12: The laser beam generation apparatus according to claim 11, wherein the optical amplification section comprises a plurality of optical amplifiers which are connected in series.

13: The laser beam generation apparatus according to claim 11, wherein the light source section comprises a plurality of surface emitting lasers which are arrayed in a two-dimensional formation on a surface perpendicular to a direction of an optical axis of the laser light.

14: The laser beam generation apparatus according to claim 11, wherein the control unit is configured to control the seed lasers of the light source section to perform pulsed oscillation independent of each other.

15: The laser beam generation apparatus according to claim 11, wherein the control unit is configured to control at least one of the seed lasers of the light source section to perform continuous oscillation, and configured to control other seed lasers to perform pulsed oscillation.

16: The laser beam generation apparatus according to claim 11, wherein the optical amplification section comprises an optical fiber amplifier.

17: The laser beam generation apparatus according to claim 14, wherein the control unit is configured to set up a pulse width of each of the seed lasers which are controlled to perform pulsed oscillation.
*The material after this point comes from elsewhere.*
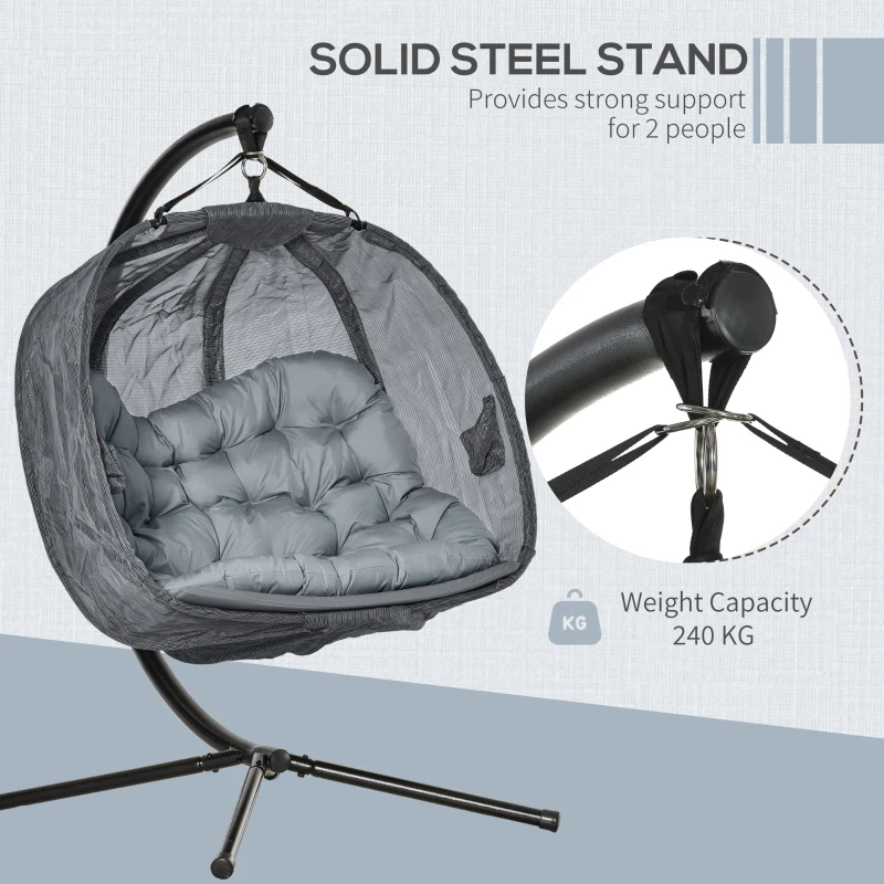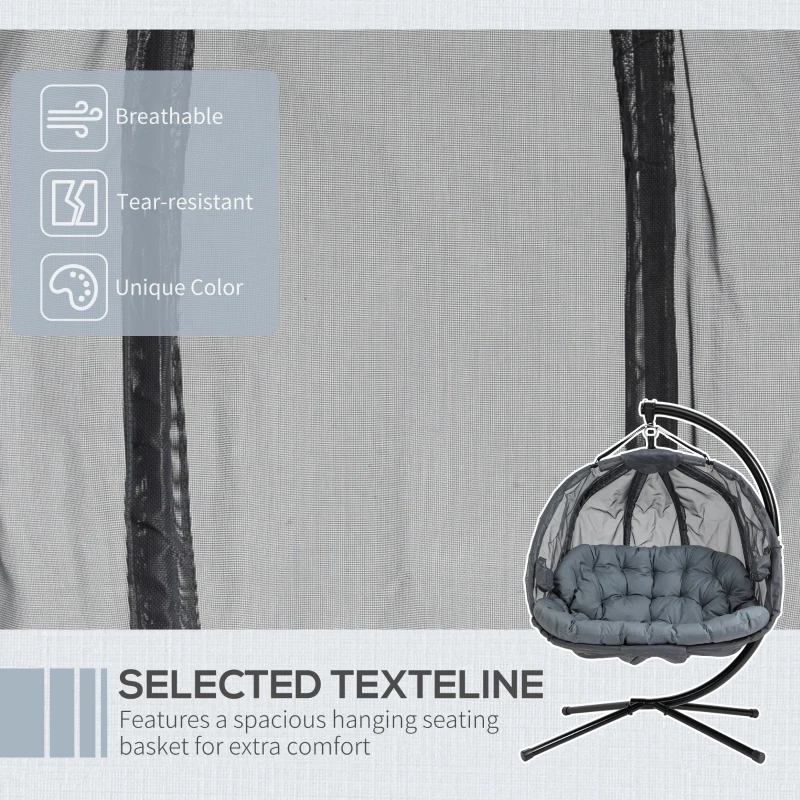 Best Double Hanging Egg Chair 2 Seaters Texteline Swing Hammock Chair with Stand, Cushion and Folding Design, for Indoor and Outdoor, Grey

18: The laser beam generation apparatus according to claim 14, wherein the control unit is configured to set up a pulse height value of each of the seed lasers which are controlled to perform pulsed oscillation.

19: The laser beam generation apparatus according to claim 14, wherein the control unit is configured to set up a pulse delay of each of the seed lasers controlled to perform pulsed oscillation, by bringing the pulse delay forward or backward from an arbitrary reference time.
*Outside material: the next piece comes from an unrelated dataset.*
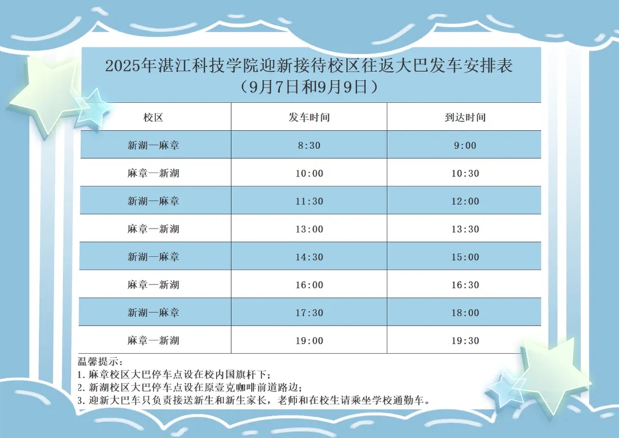 普高新生:请于2025年9月9日凭《湛江科技学院录取通知书》和本人身份证来校报到。

20: The laser beam generation apparatus according to claim 11, wherein the laser light emitted by each of the seed lasers is of single mode output type.

21: A laser machining device comprising:

a laser beam generation apparatus, the laser beam generation apparatus including:

a light source section including a surface emitting laser array in which a plurality of seed lasers, each emitting laser light, are arrayed in a two-dimensional formation on a surface of the light source section;

an optical amplification section disposed to face the seed lasers of the light source section and configured to amplify the laser light emitted by the seed lasers and received at an incidence surface to output the amplified laser light from an emission surface; and

a control unit configured to control the seed lasers of the light source section independently of each other,

wherein the optical amplification section is configured to combine the laser light emitted by the seed lasers and output the combined laser light as a laser beam, and

wherein the laser machining device is configured to machine a target object by the laser beam output from the laser beam generation apparatus.

22: The laser machining device according to claim 21, wherein the control unit is configured to control the seed lasers of the light source section to perform pulsed oscillation independently of each other.

23: The laser machining device according to claim 21, wherein the control unit is configured to control at least one of the seed lasers of the light source section to perform continuous oscillation, and configured to control other laser beams to perform pulsed oscillation.

24: A laser machining method comprising:

combining laser light emitted by a plurality of seed lasers which are controlled to perform pulsed oscillation independently of each other;

outputting the combined laser light as a laser beam; and

machining a target object by the laser beam.

25: The laser machining method according to claim 24, wherein at least one of the seed lasers is controlled to perform continuous oscillation, and other seed lasers are controlled to perform the pulsed oscillation, and

the combining includes combining the laser light emitted by the other seed lasers and laser light emitted by the at least one of the seed lasers.